In these times of COVID-19 concerns and germs, not putting your card into a machine could be a good idea. But it might also be a great way for criminals to steal your money.
It's still surprisingly easy for criminals to hack into ATM machines and steal your cash, researchers say. The study, from information-security consulting firm Positive Technologies, looked at a range of ATM models by NCR and Diebold Nixdorf. It found that most of them gave up customer card data without opening their cabinets, and that all but two of the machines were vulnerable to attacks that didn't require breaking open their safes.

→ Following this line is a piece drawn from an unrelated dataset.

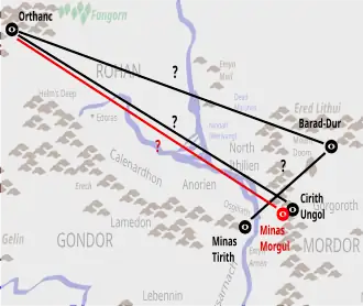 | Minas Morgul | Chosen | The nine Nazgûl | The tower, as Minas Ithil, Tower of the Rising Moon, was once part of Gondor; it guarded Gondor from the threat of Mordor, but has now been occupied by the nine Ringwraiths, powerful servants of the Dark Lord, and renamed to Minas Morgul, the Tower of Sorcery.[7] Their leader is the Witch-King of Angmar, like the others enslaved by a Ring of Power given by Sauron. |

The researchers' proof-of-concept attack tapped into a set of standard software APIs (application programming interfaces) that most ATM host computers and components use to communicate with each other. By tinkering with these APIs, the researchers were able to bypass the ATM's own host computer and communicate directly with individual devices -- like the text displays, card readers and cash dispensers. Then, in just two minutes, the researchers were able to unlock an ATM enclosure, install their device, connect it to the bank's network and tell it to dispense money.
To do this, the researchers bought a key from an insider that opens the ATM chassis, exposing an Ethernet port that lets attackers disconnect the ATM's network cable and plug in a laptop that spoofs a bank server and directs it to spit out cash. The thieves then replace the ATM's operating system with a custom one that allows them to control it remotely.